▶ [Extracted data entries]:
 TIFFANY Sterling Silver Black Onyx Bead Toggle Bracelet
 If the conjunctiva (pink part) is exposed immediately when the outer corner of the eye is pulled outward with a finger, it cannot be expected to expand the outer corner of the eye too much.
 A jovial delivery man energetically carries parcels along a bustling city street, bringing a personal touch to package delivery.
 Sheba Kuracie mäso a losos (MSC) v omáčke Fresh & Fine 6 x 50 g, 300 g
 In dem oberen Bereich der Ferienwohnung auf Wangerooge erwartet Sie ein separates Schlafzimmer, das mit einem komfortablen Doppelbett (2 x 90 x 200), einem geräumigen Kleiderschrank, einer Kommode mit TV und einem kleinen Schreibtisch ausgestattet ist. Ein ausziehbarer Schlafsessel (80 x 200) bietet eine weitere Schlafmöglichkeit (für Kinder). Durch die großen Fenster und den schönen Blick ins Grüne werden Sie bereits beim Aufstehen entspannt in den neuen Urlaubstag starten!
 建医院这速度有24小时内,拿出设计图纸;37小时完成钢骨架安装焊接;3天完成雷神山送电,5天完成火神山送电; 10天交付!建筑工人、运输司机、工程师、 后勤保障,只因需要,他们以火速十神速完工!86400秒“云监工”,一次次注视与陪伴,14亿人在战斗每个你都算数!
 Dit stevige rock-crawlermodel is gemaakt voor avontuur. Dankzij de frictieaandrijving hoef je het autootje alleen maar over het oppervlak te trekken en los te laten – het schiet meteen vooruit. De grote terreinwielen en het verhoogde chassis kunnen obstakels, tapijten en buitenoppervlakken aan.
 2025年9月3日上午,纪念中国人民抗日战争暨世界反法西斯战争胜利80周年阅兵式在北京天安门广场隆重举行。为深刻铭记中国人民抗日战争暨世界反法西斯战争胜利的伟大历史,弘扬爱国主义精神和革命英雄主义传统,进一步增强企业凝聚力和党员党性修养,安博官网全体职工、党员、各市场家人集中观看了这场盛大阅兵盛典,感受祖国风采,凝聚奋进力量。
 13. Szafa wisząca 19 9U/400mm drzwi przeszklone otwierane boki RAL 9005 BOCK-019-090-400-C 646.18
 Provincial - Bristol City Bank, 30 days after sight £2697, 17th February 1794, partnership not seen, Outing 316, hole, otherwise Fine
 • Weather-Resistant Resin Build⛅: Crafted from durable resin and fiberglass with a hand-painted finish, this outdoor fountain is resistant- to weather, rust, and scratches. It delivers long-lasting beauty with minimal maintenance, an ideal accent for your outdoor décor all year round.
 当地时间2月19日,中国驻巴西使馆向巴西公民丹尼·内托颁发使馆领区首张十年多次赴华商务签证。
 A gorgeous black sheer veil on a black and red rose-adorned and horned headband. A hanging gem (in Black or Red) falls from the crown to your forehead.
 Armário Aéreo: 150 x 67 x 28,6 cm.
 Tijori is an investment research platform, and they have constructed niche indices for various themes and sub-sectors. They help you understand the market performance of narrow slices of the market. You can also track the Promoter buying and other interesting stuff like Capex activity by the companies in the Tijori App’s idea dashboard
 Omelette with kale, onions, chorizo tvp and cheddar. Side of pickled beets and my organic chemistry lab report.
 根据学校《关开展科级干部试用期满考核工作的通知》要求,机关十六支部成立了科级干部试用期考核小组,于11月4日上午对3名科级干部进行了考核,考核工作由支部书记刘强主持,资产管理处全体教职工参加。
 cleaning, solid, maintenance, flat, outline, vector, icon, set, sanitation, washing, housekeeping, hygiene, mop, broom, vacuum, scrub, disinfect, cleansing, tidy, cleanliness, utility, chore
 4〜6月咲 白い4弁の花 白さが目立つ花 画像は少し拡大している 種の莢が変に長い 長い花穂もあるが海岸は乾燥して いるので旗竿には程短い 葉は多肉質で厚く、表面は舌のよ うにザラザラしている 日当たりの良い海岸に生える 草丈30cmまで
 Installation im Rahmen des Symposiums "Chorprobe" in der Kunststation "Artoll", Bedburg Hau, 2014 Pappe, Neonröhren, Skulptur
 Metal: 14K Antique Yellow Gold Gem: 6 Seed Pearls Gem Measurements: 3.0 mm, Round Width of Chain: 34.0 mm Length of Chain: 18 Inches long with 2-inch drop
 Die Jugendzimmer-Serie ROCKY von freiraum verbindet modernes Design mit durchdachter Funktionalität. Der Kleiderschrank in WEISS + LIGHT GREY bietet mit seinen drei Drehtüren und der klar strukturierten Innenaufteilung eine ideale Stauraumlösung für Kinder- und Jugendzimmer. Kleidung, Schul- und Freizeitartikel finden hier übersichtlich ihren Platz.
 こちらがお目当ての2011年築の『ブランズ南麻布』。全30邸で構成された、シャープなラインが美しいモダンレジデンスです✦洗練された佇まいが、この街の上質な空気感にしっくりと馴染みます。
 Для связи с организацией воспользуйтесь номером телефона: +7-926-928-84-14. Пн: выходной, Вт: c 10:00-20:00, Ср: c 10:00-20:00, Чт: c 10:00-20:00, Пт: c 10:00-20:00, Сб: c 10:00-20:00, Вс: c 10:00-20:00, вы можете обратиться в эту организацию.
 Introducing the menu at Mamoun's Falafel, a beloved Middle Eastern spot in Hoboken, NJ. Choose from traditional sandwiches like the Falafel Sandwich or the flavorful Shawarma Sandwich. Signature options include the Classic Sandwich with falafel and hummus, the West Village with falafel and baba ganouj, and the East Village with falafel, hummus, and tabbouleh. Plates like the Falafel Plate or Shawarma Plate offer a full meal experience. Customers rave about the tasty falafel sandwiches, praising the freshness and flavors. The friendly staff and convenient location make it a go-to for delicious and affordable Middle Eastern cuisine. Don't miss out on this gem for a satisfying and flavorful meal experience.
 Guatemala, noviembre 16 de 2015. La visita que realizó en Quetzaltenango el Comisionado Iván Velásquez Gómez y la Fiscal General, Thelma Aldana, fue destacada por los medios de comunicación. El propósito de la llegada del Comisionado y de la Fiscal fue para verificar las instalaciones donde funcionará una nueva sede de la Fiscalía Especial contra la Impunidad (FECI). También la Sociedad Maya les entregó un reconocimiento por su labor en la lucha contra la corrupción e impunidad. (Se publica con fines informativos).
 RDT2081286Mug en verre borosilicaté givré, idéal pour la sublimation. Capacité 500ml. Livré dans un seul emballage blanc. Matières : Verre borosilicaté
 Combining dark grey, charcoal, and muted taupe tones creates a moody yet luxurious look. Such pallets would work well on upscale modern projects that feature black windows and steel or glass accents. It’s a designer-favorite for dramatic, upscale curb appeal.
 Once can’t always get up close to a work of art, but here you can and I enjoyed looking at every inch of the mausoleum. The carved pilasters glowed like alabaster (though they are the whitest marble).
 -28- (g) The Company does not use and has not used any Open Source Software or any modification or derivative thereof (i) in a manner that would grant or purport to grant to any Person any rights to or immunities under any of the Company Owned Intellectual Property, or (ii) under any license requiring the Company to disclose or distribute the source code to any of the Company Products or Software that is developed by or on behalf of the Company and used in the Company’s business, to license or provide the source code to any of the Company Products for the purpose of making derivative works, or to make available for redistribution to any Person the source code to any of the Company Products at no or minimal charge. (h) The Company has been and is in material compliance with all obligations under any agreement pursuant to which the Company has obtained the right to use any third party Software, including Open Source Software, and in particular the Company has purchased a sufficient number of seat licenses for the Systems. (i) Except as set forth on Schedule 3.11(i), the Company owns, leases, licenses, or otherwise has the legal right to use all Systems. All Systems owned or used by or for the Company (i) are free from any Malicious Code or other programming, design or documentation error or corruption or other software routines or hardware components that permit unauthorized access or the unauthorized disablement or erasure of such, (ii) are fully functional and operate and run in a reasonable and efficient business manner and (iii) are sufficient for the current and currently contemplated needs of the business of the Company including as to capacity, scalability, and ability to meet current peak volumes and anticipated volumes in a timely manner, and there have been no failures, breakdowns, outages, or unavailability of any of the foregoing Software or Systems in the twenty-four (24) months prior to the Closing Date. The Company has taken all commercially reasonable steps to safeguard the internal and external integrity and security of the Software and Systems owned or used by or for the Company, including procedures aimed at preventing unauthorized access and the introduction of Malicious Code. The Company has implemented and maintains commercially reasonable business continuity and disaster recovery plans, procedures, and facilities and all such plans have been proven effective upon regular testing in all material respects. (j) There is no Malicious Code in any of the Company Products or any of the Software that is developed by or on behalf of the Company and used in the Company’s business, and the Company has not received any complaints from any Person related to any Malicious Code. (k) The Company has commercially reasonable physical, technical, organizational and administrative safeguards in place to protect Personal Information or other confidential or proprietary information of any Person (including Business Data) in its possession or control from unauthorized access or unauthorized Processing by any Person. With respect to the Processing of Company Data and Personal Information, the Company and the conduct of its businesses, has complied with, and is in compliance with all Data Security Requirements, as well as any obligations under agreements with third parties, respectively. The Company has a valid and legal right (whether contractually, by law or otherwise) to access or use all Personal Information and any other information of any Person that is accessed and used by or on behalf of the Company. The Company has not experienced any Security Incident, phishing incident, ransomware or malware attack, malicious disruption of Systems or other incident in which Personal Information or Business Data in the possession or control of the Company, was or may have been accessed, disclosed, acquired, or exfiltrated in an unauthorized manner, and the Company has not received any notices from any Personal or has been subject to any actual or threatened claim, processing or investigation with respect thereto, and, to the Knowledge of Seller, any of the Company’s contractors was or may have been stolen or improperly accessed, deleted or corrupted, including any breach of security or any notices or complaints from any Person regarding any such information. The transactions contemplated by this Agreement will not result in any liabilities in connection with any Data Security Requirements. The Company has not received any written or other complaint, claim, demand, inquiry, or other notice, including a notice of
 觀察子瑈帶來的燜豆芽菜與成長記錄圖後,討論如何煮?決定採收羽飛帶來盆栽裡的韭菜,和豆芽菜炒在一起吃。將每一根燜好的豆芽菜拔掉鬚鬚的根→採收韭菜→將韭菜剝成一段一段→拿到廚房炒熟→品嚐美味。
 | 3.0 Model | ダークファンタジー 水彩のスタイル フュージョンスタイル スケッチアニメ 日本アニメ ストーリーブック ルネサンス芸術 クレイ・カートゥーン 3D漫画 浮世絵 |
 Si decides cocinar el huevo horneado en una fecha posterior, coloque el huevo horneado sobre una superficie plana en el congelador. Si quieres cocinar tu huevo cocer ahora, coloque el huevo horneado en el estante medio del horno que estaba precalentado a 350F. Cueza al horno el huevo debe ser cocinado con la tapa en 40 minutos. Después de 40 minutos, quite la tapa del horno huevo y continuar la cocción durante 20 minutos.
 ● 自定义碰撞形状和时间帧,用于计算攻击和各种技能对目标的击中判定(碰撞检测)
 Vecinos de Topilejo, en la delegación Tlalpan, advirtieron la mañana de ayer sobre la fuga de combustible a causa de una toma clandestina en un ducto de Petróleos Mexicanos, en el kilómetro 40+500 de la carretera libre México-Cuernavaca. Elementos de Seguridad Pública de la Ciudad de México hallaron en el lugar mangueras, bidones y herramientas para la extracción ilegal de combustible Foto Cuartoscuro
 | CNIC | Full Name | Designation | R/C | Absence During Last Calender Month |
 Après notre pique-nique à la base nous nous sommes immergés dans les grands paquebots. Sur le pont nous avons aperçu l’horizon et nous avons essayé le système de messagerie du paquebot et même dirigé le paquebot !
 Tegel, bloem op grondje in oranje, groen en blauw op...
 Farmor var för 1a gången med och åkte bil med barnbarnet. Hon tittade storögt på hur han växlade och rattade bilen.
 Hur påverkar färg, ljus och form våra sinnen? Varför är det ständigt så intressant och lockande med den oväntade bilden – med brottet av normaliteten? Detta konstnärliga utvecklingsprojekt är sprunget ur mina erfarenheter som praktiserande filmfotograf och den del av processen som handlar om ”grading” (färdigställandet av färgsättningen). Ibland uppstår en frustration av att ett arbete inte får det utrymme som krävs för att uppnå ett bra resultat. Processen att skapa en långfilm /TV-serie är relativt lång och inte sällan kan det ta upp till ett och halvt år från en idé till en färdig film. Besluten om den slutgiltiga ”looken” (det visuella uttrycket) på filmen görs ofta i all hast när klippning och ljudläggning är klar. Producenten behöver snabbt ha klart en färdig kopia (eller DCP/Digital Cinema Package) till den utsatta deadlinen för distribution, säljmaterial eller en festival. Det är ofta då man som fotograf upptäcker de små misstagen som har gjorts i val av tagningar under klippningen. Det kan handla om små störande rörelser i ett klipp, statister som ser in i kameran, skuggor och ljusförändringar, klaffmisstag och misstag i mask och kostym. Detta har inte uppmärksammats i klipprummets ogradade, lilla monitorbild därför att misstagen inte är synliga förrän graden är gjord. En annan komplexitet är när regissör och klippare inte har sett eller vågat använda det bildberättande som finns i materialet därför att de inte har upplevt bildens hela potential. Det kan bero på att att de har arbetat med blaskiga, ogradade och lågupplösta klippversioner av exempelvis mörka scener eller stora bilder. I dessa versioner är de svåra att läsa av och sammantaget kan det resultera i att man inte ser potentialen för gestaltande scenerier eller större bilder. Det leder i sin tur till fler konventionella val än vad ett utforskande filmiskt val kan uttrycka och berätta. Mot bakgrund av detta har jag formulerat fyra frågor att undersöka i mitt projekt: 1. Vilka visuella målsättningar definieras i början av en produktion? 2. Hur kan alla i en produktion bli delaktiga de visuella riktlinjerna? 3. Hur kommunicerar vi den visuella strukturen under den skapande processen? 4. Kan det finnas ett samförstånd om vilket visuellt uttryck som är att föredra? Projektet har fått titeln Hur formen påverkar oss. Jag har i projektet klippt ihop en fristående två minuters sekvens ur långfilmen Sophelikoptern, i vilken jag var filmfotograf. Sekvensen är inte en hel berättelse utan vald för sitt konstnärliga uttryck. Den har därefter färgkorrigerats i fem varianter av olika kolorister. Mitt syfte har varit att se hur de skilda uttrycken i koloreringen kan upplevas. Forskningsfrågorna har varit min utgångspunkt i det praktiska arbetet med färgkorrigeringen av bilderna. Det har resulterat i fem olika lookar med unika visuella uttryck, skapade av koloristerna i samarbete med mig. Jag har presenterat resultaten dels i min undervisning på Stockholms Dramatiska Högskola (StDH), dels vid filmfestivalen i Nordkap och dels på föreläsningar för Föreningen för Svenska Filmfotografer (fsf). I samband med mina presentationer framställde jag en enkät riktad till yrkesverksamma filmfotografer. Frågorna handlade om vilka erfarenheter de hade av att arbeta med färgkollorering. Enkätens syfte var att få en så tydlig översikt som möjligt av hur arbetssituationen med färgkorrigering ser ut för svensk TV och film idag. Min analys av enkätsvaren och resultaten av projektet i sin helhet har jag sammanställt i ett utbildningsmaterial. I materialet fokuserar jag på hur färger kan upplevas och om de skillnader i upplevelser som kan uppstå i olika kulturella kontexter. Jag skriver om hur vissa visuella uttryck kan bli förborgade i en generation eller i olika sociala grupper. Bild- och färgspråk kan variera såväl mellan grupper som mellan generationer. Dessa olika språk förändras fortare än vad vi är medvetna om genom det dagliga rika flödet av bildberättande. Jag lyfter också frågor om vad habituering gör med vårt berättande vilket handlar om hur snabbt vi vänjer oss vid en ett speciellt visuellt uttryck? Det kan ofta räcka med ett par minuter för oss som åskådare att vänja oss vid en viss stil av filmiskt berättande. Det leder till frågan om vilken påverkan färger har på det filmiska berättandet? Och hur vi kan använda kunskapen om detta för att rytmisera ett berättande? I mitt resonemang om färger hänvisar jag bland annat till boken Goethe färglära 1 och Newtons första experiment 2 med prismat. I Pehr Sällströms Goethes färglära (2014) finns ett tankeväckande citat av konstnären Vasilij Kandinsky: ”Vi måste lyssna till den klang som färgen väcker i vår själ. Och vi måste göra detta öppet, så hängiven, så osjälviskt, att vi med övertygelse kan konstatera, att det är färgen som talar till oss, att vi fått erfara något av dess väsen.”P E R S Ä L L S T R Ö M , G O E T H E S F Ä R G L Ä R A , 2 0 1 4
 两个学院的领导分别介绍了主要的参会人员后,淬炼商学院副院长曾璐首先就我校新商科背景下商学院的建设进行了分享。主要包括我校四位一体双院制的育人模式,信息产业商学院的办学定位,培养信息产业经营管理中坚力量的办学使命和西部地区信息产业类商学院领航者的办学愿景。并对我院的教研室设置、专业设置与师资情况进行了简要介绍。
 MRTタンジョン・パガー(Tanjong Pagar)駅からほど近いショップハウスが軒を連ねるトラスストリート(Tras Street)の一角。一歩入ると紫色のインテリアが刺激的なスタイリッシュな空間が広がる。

▶ [WHAT THE TASK REQUIRES]:
Could you transcribe the entries exactly, from the first line through the line containing "当地时间2月19日,中国驻巴", and give nothing more?

▶ [SOLUTION TO THIS TASK]:
 TIFFANY Sterling Silver Black Onyx Bead Toggle Bracelet
 If the conjunctiva (pink part) is exposed immediately when the outer corner of the eye is pulled outward with a finger, it cannot be expected to expand the outer corner of the eye too much.
 A jovial delivery man energetically carries parcels along a bustling city street, bringing a personal touch to package delivery.
 Sheba Kuracie mäso a losos (MSC) v omáčke Fresh & Fine 6 x 50 g, 300 g
 In dem oberen Bereich der Ferienwohnung auf Wangerooge erwartet Sie ein separates Schlafzimmer, das mit einem komfortablen Doppelbett (2 x 90 x 200), einem geräumigen Kleiderschrank, einer Kommode mit TV und einem kleinen Schreibtisch ausgestattet ist. Ein ausziehbarer Schlafsessel (80 x 200) bietet eine weitere Schlafmöglichkeit (für Kinder). Durch die großen Fenster und den schönen Blick ins Grüne werden Sie bereits beim Aufstehen entspannt in den neuen Urlaubstag starten!
 建医院这速度有24小时内,拿出设计图纸;37小时完成钢骨架安装焊接;3天完成雷神山送电,5天完成火神山送电; 10天交付!建筑工人、运输司机、工程师、 后勤保障,只因需要,他们以火速十神速完工!86400秒“云监工”,一次次注视与陪伴,14亿人在战斗每个你都算数!
 Dit stevige rock-crawlermodel is gemaakt voor avontuur. Dankzij de frictieaandrijving hoef je het autootje alleen maar over het oppervlak te trekken en los te laten – het schiet meteen vooruit. De grote terreinwielen en het verhoogde chassis kunnen obstakels, tapijten en buitenoppervlakken aan.
 2025年9月3日上午,纪念中国人民抗日战争暨世界反法西斯战争胜利80周年阅兵式在北京天安门广场隆重举行。为深刻铭记中国人民抗日战争暨世界反法西斯战争胜利的伟大历史,弘扬爱国主义精神和革命英雄主义传统,进一步增强企业凝聚力和党员党性修养,安博官网全体职工、党员、各市场家人集中观看了这场盛大阅兵盛典,感受祖国风采,凝聚奋进力量。
 13. Szafa wisząca 19 9U/400mm drzwi przeszklone otwierane boki RAL 9005 BOCK-019-090-400-C 646.18
 Provincial - Bristol City Bank, 30 days after sight £2697, 17th February 1794, partnership not seen, Outing 316, hole, otherwise Fine
 • Weather-Resistant Resin Build⛅: Crafted from durable resin and fiberglass with a hand-painted finish, this outdoor fountain is resistant- to weather, rust, and scratches. It delivers long-lasting beauty with minimal maintenance, an ideal accent for your outdoor décor all year round.
 当地时间2月19日,中国驻巴西使馆向巴西公民丹尼·内托颁发使馆领区首张十年多次赴华商务签证。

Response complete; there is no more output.